The curve fitting technique is based on the assumption that the scatter spatial distribution can be described by a Gaussian function or second-order polynomials. The scatter at the center is interpolated from the region outside the source object. The assumption could be problematic for scans of large, inhomogeneous regions of the body. Based on similar scheme, this technique compares further the difference between a 3D (high scatter) and 2D (low scatter) scan to estimate the scatter contamination. This method requires an additional 2D scan.
The convolution approaches estimate the distribution of scatter from the standard photopeak data. It uses constant scatter kernels which are parametrized by mono-exponential or Gaussian functions. The scatter distribution is estimated by iteratively convolving the photopeak projections with the kernel. The disadvantages are that it does not consider scatter originating from outside the field of view (FOV) and that the kernels are measured with phantoms that may not adequately represent human anatomy.
The reconstruction based approaches, estimate the scatter component using a rigorous Monte Carlo simulation. The scatter component can be estimated directly from emission and transmission data using Monte Carlo simulation. Ollinger calculates the single-scatter distribution directly using the Klien-Nishina formula and convolutes this scatter distribution to estimate the multiple-scatter. These approaches require large amounts of computational power and processing time due to the repetitive looping over many parameters.
In the disclosure of U.S. Pat. No. 6,590,213, Scott D. Wollenweber improved the speed of execution of model-based scatter algorithms by combining axial data within certain ranges into composite transaxial planes or “super-slices” and thus effectively collapsing data along the axial direction. By so combining the axial data, one can perform the model-based scatter algorithms by looping over the in-plane parameters x and y within each super-slice, instead of looping over both the in-plane parameters and the azimuthal angle dimension. By eliminating the calculations associated with looping over the azimuthal angle dimension, the computation time required for performing the method-based scatter algorithms is reduced.

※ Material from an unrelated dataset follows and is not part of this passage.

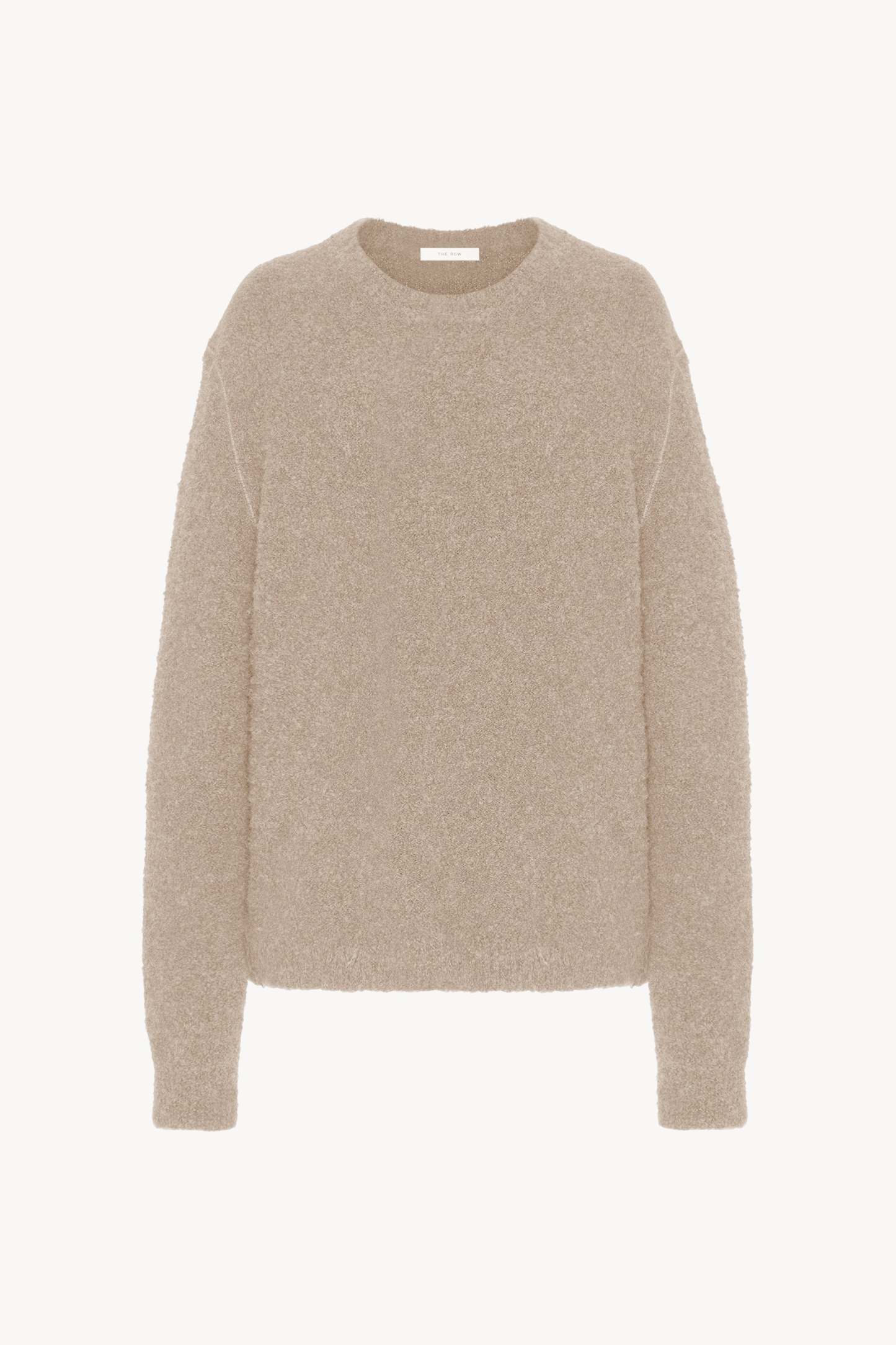 Relaxed crewneck sweater in textured alpaca and cashmere bouclé with topstitched armholes and ribbed neckline, cuffs, and hem.
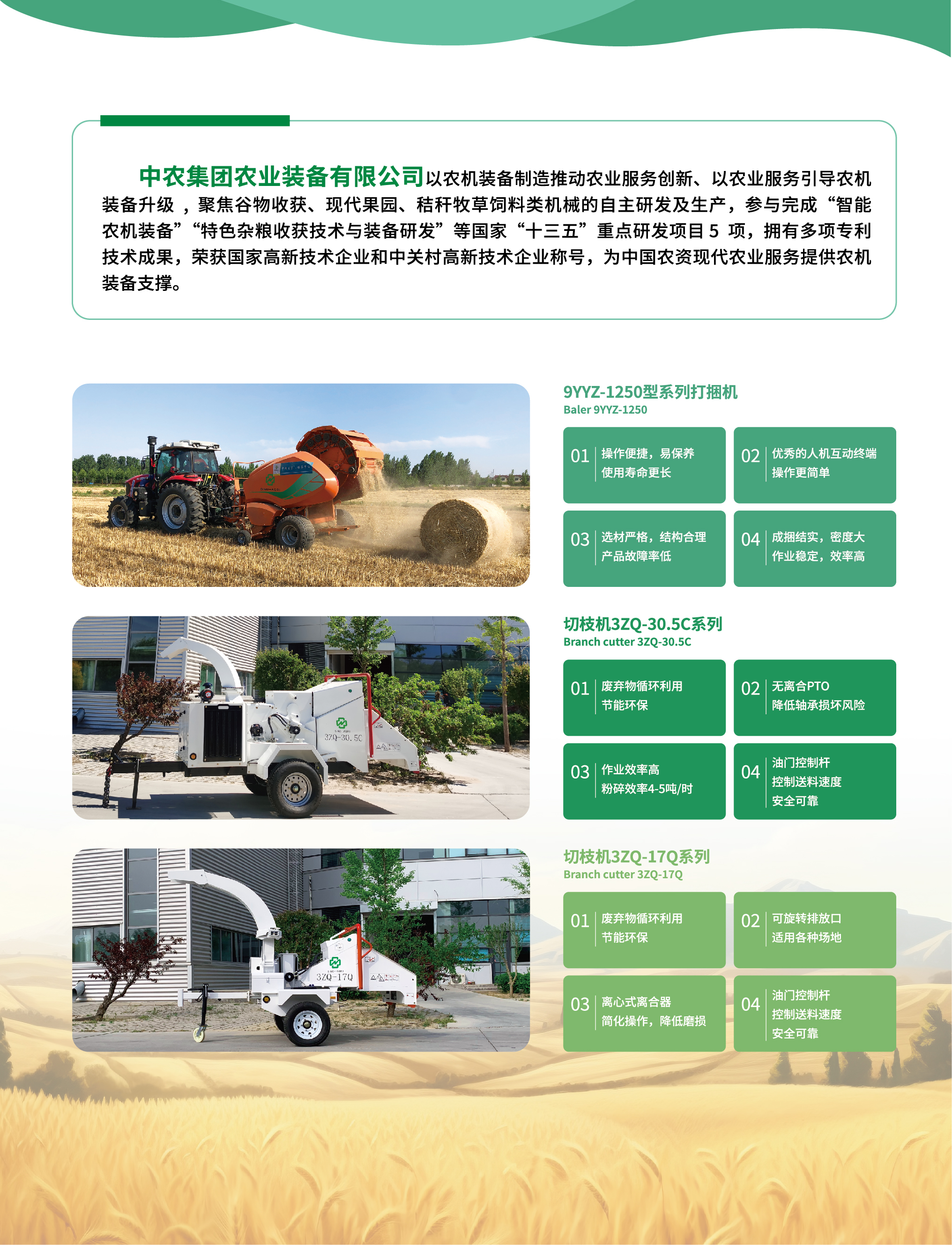中農裝備以農機裝備制造推動農業服務創新、以農業服務引導農機裝備升級,聚焦谷物收獲、現代果園、秸稈牧草飼料類機械的自主研發及生產,參與完成“智能農機裝備”“特色雜糧收獲技術與裝備研發”等國家“十三五”重點研發項目5項,擁有多項專利技術成果,榮獲全國高新技術企業和中關村高新技術企業稱號,為“中國農資”現代農業服務提供農機裝備支撐。

In the disclosure of U.S. Pat. No. 5,903,008, Jianying Li invented an emission tomographic system for imaging an object of interest. The system, in one form, includes a gantry and a patient table. A detector including a collimator is secured to the gantry, and a computer is coupled to the gantry and to the detector to detect and control the position of the detector relative to the table. The system is configured to determine a transmission measurement and generate a scatter fraction utilizing the transmission measurement. A dual energy window data acquisition algorithm then determines non-scatter photons in a primary energy window utilizing the scatter fraction.
Most scatter correction methods above perform Monte Carlo simulations to calculate the transmission of scattered radiation indirectly. And there are some information, such as body structures and distribution of source activity, that should be known. However, it's impossible to obtain the precise information that the results are not really exactly.